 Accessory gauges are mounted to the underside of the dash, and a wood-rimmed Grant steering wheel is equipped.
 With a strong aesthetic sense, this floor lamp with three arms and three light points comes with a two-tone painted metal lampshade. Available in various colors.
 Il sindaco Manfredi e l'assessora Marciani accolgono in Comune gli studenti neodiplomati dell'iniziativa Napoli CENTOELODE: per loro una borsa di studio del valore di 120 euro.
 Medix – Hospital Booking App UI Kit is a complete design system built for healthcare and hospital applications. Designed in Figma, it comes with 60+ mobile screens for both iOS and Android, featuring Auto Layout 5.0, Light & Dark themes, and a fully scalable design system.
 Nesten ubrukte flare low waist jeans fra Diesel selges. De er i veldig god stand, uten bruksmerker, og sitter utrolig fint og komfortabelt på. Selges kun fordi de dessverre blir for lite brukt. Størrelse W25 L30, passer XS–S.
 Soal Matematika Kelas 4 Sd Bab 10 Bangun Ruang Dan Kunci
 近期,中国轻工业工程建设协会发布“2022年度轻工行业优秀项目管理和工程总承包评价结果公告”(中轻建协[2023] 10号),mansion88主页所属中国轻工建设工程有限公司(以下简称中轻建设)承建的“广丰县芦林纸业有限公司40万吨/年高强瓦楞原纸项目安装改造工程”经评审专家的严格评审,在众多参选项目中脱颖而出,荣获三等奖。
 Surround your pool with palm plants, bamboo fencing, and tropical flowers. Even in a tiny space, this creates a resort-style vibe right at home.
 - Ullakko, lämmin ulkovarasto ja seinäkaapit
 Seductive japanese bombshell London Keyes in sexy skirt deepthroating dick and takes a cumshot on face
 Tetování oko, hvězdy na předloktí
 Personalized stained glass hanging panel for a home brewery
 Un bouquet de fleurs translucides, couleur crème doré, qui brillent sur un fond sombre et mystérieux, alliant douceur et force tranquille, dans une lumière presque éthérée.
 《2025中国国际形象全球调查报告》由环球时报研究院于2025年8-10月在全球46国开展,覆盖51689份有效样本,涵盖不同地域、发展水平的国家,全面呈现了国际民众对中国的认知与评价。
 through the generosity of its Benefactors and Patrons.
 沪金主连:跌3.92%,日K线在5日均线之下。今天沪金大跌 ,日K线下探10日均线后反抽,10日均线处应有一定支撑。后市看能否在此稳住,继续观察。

○ ○ ○ ○ ○

** YOUR ASSIGNMENT **
With the line that has "Personalized stained glass" as the first and the line that has "Un bouquet de" as the last, repeat exactly that run of lines above and no more.

** RESPONSE TO THE TASK **
 Personalized stained glass hanging panel for a home brewery
 Un bouquet de fleurs translucides, couleur crème doré, qui brillent sur un fond sombre et mystérieux, alliant douceur et force tranquille, dans une lumière presque éthérée.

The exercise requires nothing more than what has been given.